Addresses: Graduate School of Information Science and Technology, Osaka University, 1-5 Yamadaoka, Suita, Osaka, 565-0871, Japan ' Graduate School of Information Science and Technology, Osaka University, 1-5 Yamadaoka, Suita, Osaka, 565-0871, Japan ' Department of Informatics School of Science and Technology, Kwansei Gakuin University, 2-1 Gakuen, Sanda, Hyogo 669-1337, Japan ' NTT Secure Platform Laboratories, NTT Corporation, 3-9-11, Midori-cho, Musashino, Tokyo 180-8585, Japan ' NTT Secure Platform Laboratories, NTT Corporation, 3-9-11, Midori-cho, Musashino, Tokyo 180-8585, Japan

Abstract: Internet users devote considerable time and effort to collecting information from the web.

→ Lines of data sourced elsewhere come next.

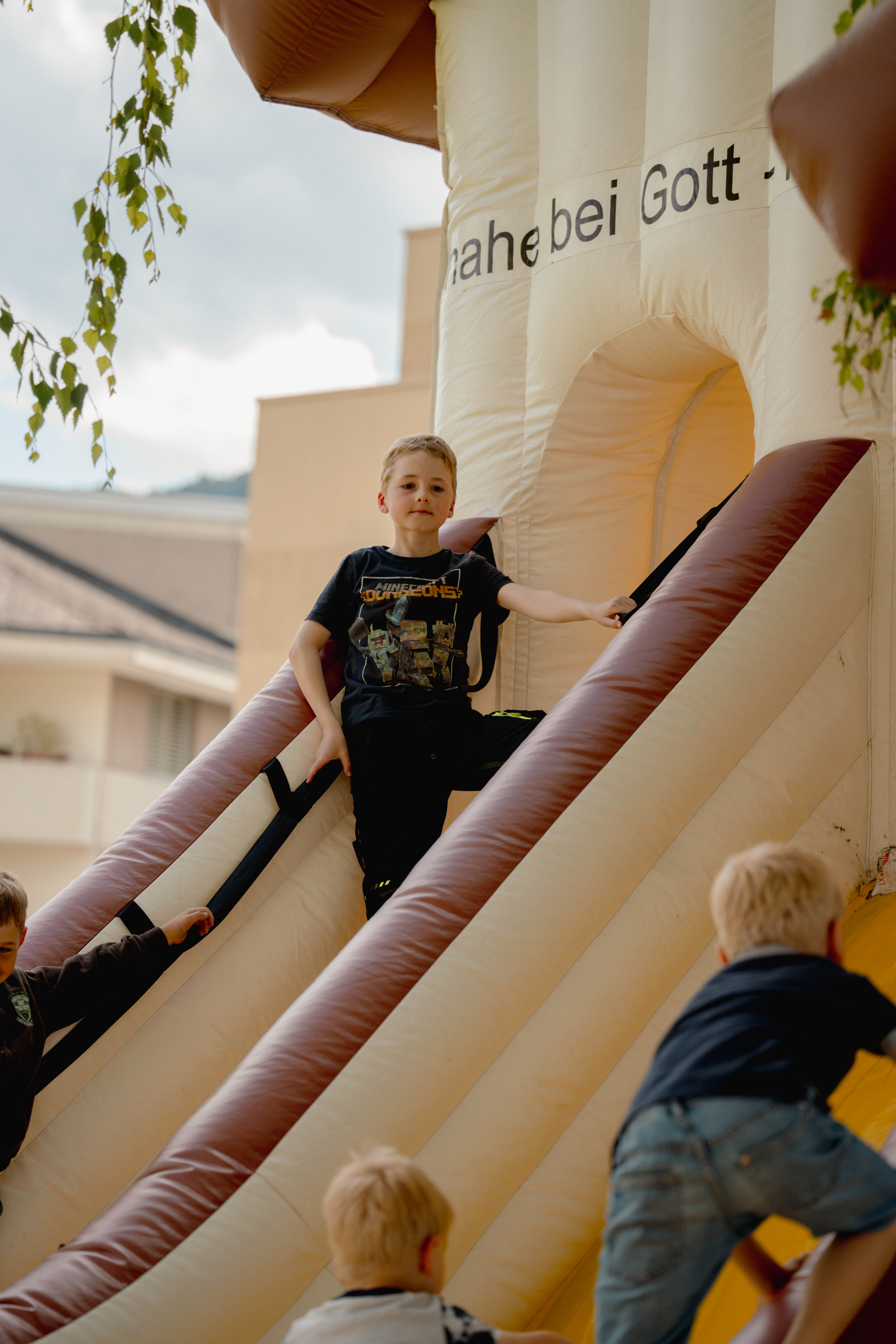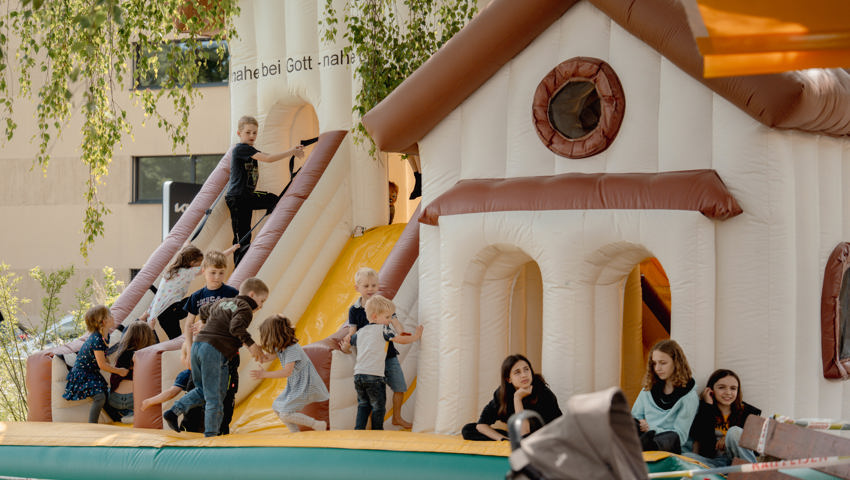 Im Anschluss an den Gottesdienst wurden die vielen Besucher von Dutzenden freiwilliger Helferinnen und Helfer verköstigt. Diese hatten teilweise bereits Tage zuvor gekocht und vorbereitet. Ukrainische Mitglieder der Gemeinde bereiteten Borschtsch zu. Man wurde mit vielfältigen Salaten, Linsencurry, Crêpes, Schnitzelbrot, Würsten und einem reichhaltigen Dessert-Buffet verwöhnt. Die Kinder genossen Spiel und Spannung beim Cevi oder die riesige Kirchen-Hüpfburg.
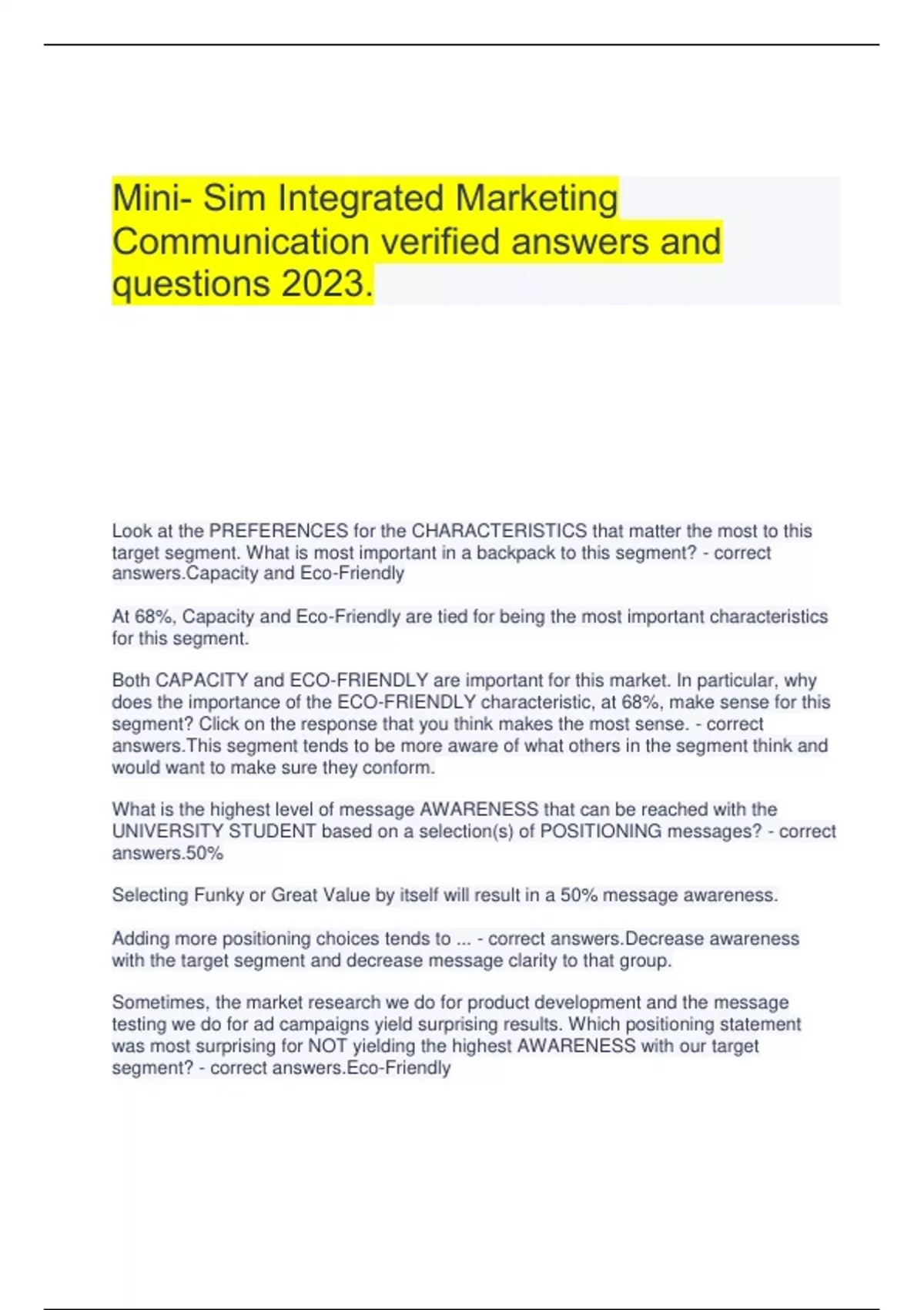 Mini- Sim Integrated Marketing Communication verified answers and questions 2023.Chapter 14_NEW! Mini Sim_IMC MARK3300 questions and answers well illustrated.Chapter 5 Mini Sim questions and answers verified and updated.Role-Playing Simulation - Integrated Marketing Communication: Soar Travel Agency questions and answers 100% verified.
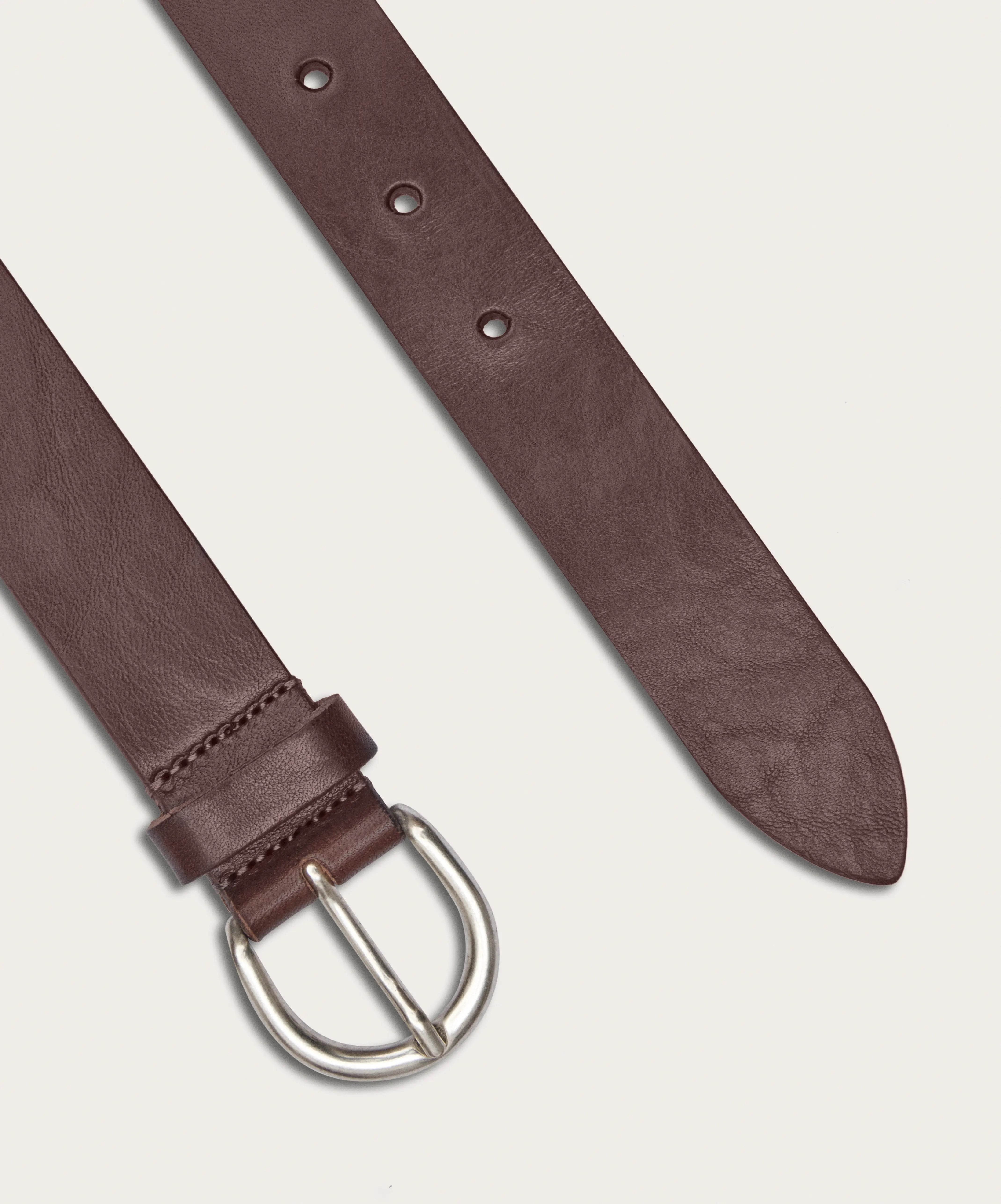 An alternative to the traditional leather belt, this item is made of cowhide with a natural aging process. Embellished with a satin nickel buckle, it is a versatile and casual accessory that defines a precise and characterful style.

To do so efficiently, after following a hyperlink, a user must be able to rapidly determine whether the desired information is contained on the destination web page. In this paper, therefore, we propose a method called hyperlink referring block estimation (HERB), which infers the existence and location of relevant contents on destination web pages. HERB utilises user context in web browsing, in particular, the selected hyperlink and the text around it. Through experiments simulating ordinary web browsing, we quantitatively investigate the effectiveness of HERB. Our experiments show that HERB can infer blocks relevant to a hyperlink with approximately 65% precision and 70% recall. Furthermore, we design two HERB implementations, namely, a web proxy and a web browser, and we present an overview of a web proxy prototype and an example use case.

Keywords: web browsing; hyperlinks; relevant block inference; web page segmentation; cosine similarity; web pages; block-to-block similarity; content relevance; user context; simulation; web proxy; web browsers.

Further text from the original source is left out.